The setup looks like this:

CAS + Vault (config file) + LDAP + 2FA (mfa-gauth) + redis for gauth and ticket registration.

After testing before production deployment I've noticed that user can authorize providing user and pass, when asking for Gauth token it can be anything (even one character) and CAS will pass it through.

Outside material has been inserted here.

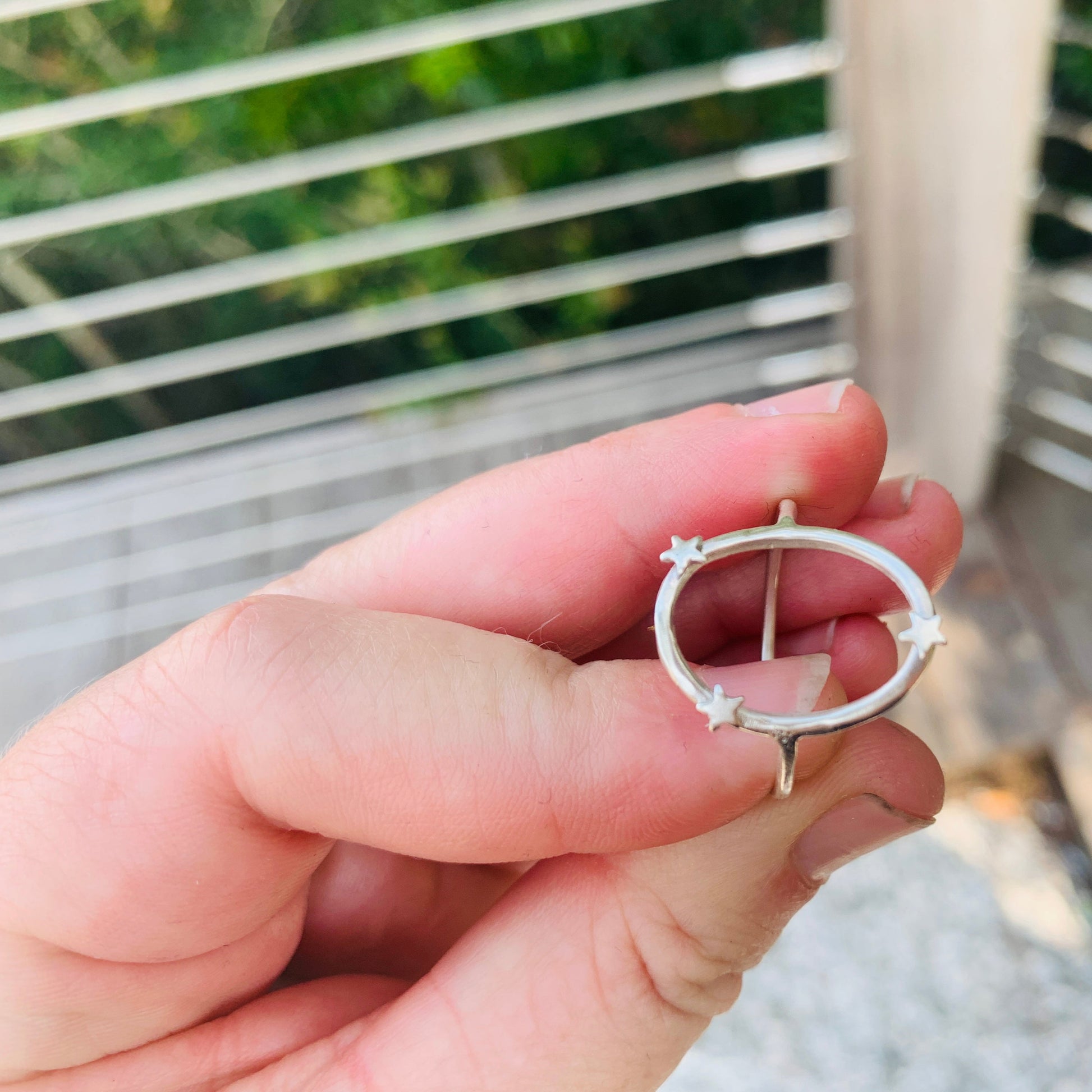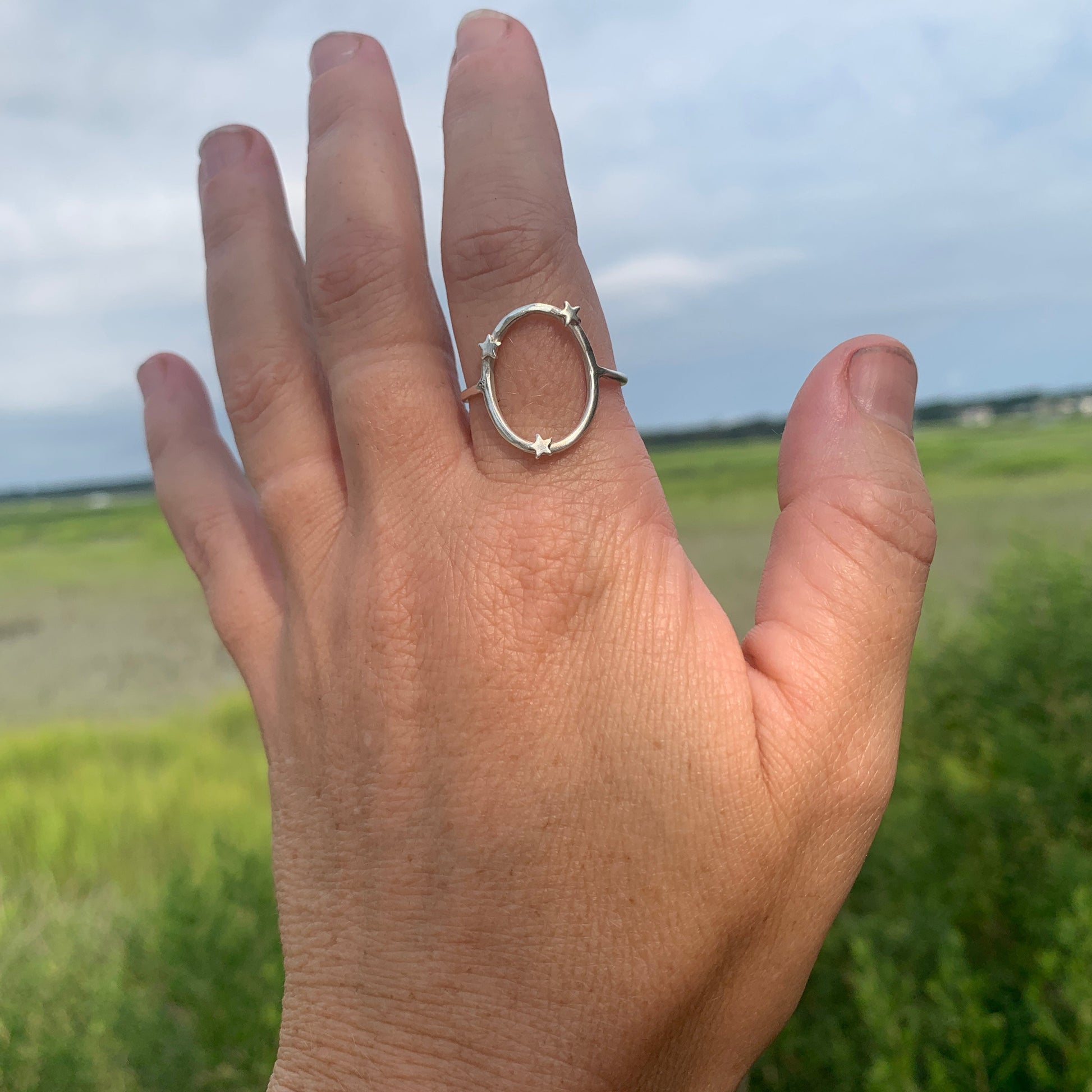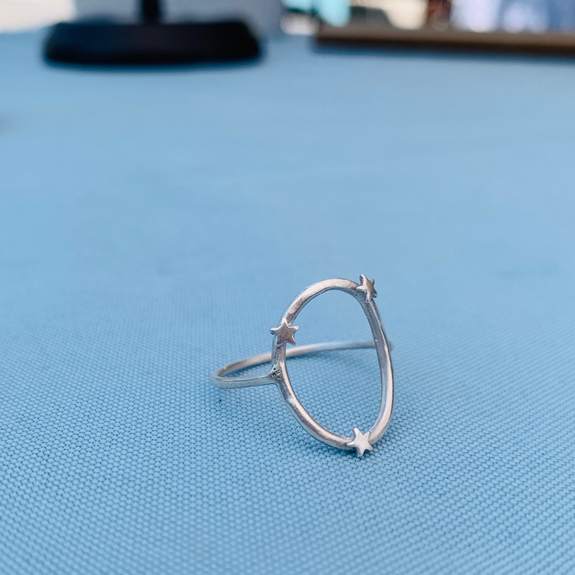 This sleek and minimal sterling silver oval ring accented with three delicate star details will be the perfect addition to your ring collection. The smooth oval shape created a clean, modern silhouette, while the tiny star accents add just a touch of sparkle and charm. Perfect for everyday wear , this ring is a subtle nod to celestial beauty.

I don't know where I have mistake:

Here is my config form VAULT

 

"cas.authn.mfa.gauth.crypto.encryption.key": "[redacted]",

  "cas.authn.mfa.gauth.crypto.signing.key": "[redacted]",

  "cas.authn.mfa.gauth.issuer": "CAS",

  "cas.authn.mfa.gauth.label": "CAS",

  "cas.authn.mfa.gauth.multiple-device-registration-enabled": "false",

  "cas.authn.mfa.gauth.name": "CAS",

  "cas.authn.mfa.gauth.redis.database": "0",

  "cas.authn.mfa.gauth.redis.host": "localhost",

  "cas.authn.mfa.gauth.redis.password": "[redacted]",

  "cas.authn.mfa.gauth.redis.port": "6379",

  "cas.authn.mfa.gauth.redis.read-from": "MASTER",

  "cas.authn.mfa.gauth.redis.timeout": "2000",

  "cas.authn.mfa.gauth.redis.use-ssl": "false",

  "cas.authn.mfa.global-provider-id": "mfa-gauth",

  "cas.authn.mfa.triggers.principal.global-principal-attribute-name-triggers": "memberOf",

  "cas.authn.mfa.triggers.principal.global-principal-attribute-value-regex": "[redacted]"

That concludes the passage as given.